We use the following elementary spherical packing fact: there exist unit vectors $u_1,\dots,u_N\in\mathbb R^p$ such that
\begin{align*}
N\ge \exp(\beta p)
\end{align*}
for a universal constant $\beta>0$, and
\begin{align*}
|u_i\cdot u_j|\le \frac12
\end{align*}
for all $i\ne j$. For such $i\ne j$, the operator norm of the difference of the corresponding rank-one projections is
\begin{align*}
\|P_{u_i}-P_{u_j}\|_{\mathrm{op}}
=
\sqrt{1-|u_i\cdot u_j|^2}
\ge
\frac{\sqrt 3}{2}.
\end{align*}
Let $\lambda\in(0,r]$ be chosen later. For each $j\in\{1,\dots,N\}$, define
\begin{align*}
\Sigma_j:=aI_p+\lambda P_{u_j}.
\end{align*}
The eigenvalues of $\Sigma_j$ are $a+\lambda$ in the direction $\operatorname{span}\{u_j\}$ and $a$ on its orthogonal complement. Since $\lambda\le r$, we have
\begin{align*}
m
<
a-r
\le
a
\le
a+\lambda
\le
a+r
<
M.
\end{align*}
Thus $\Sigma_j\in\mathcal C_p(m,M)$ for every $j$.
Moreover, for $i\ne j$,
\begin{align*}
\|\Sigma_i-\Sigma_j\|_{\mathrm{op}}
=
\lambda\|P_{u_i}-P_{u_j}\|_{\mathrm{op}}
\ge
\frac{\sqrt 3}{2}\lambda.
\end{align*}
[guided]
The point of using rank-one perturbations is that they create many covariances while keeping the information distance small. We start from the scalar matrix $aI_p$, which lies in the middle of the spectral interval $[m,M]$, and add a small positive perturbation in one direction.
Define
\begin{align*}
a:=\frac{m+M}{2},
\qquad
r:=\frac{M-m}{4}.
\end{align*}
The number $r$ is a spectral safety margin: if $0<\lambda\le r$, then $a+\lambda$ is still strictly below $M$, while $a$ is strictly above $m$.

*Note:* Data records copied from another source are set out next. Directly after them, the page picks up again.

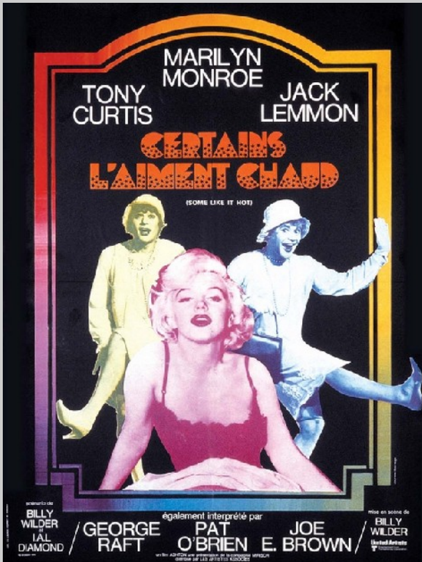
affiche de Jouineau Bourduge
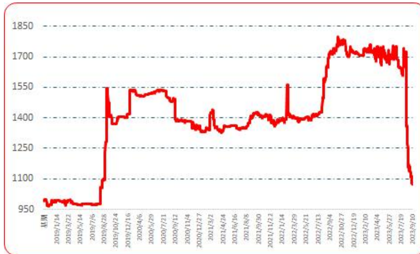
图 5 遵义朝天椒 1 号批发价格指数运行图
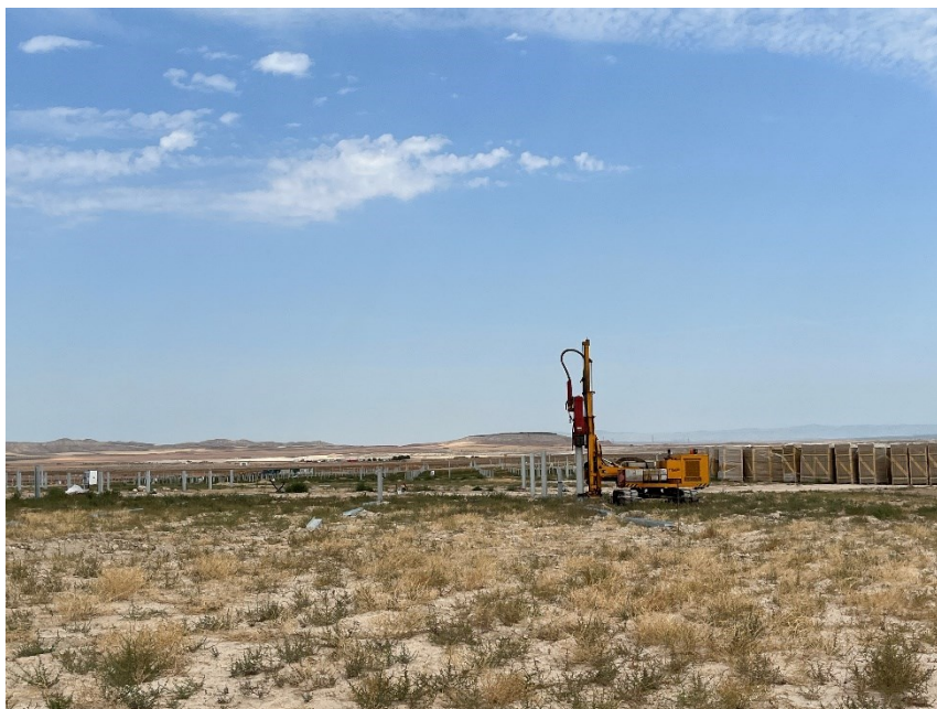
Figura 3 Labores de hincado

For a unit vector $u\in\mathbb R^p$, define the map $P_u:\mathbb R^p\to\mathbb R^p$ by
\begin{align*}
P_u(x):=(x\cdot u)u \quad \text{for every } x\in\mathbb R^p.
\end{align*}
This is the orthogonal projection onto the line $\operatorname{span}\{u\}$. Its matrix is $uu^\top$, and its only eigenvalues are $1$ on $\operatorname{span}\{u\}$ and $0$ on $\operatorname{span}\{u\}^{\perp}$.
Choose unit vectors $u_1,\dots,u_N\in\mathbb R^p$ with
\begin{align*}
N\ge \exp(\beta p),
\qquad
|u_i\cdot u_j|\le \frac12
\quad\text{for }i\ne j,
\end{align*}
where $\beta>0$ is a universal constant. This is the standard volumetric packing construction on the Euclidean unit sphere.
For each $j$, define
\begin{align*}
\Sigma_j:=aI_p+\lambda P_{u_j}.
\end{align*}
Since $P_{u_j}$ has eigenvalue $1$ in the direction $u_j$ and eigenvalue $0$ on $u_j^\perp$, the covariance matrix $\Sigma_j$ has eigenvalue $a+\lambda$ in the direction $u_j$ and eigenvalue $a$ on $u_j^\perp$. Therefore, if $\lambda\le r$,
\begin{align*}
m
<
a-r
\le
a
\le
a+\lambda
\le
a+r
<
M.
\end{align*}
So every $\Sigma_j$ belongs to $\mathcal C_p(m,M)$.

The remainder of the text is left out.